Segment Start: Data supplied

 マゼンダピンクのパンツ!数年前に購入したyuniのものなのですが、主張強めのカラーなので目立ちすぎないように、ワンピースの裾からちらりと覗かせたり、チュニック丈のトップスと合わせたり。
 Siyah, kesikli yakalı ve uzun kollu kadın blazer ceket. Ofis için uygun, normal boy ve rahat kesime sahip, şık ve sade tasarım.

Segment End: Data supplied
Segment Start: Data supplied

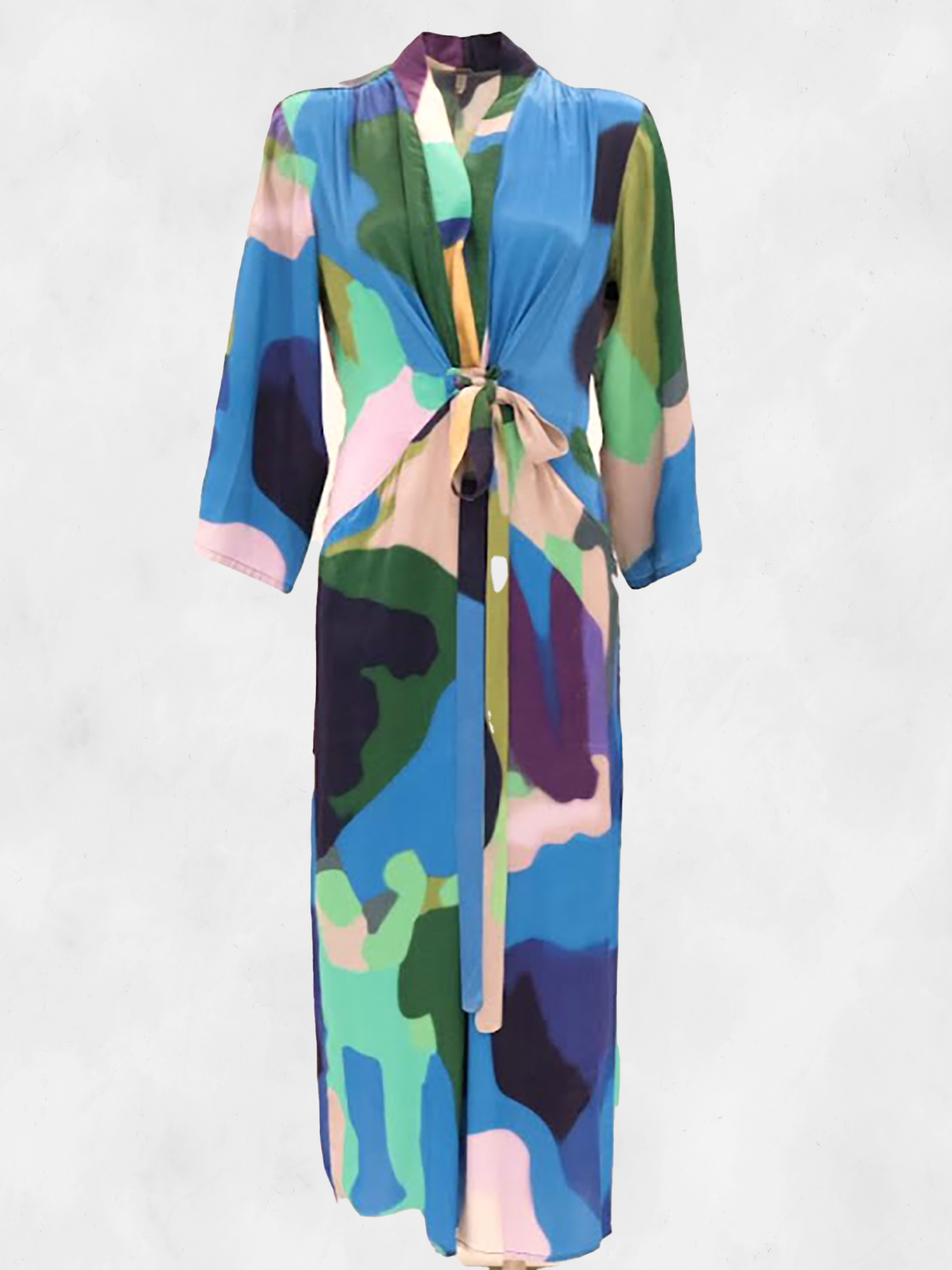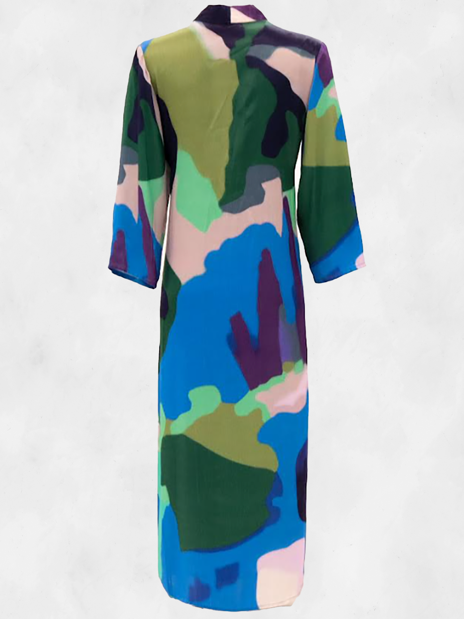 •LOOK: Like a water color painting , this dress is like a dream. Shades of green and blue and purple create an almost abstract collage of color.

Segment End: Data supplied

▸ **Required action**
What you give back should be only the lines of the records above, starting at the line with "マゼンダピンクのパンツ!数年" and ending at the line with "Siyah, kesikli yakalı", restated word for word.

▸ **Answer space**
 マゼンダピンクのパンツ!数年前に購入したyuniのものなのですが、主張強めのカラーなので目立ちすぎないように、ワンピースの裾からちらりと覗かせたり、チュニック丈のトップスと合わせたり。
 Siyah, kesikli yakalı ve uzun kollu kadın blazer ceket. Ofis için uygun, normal boy ve rahat kesime sahip, şık ve sade tasarım.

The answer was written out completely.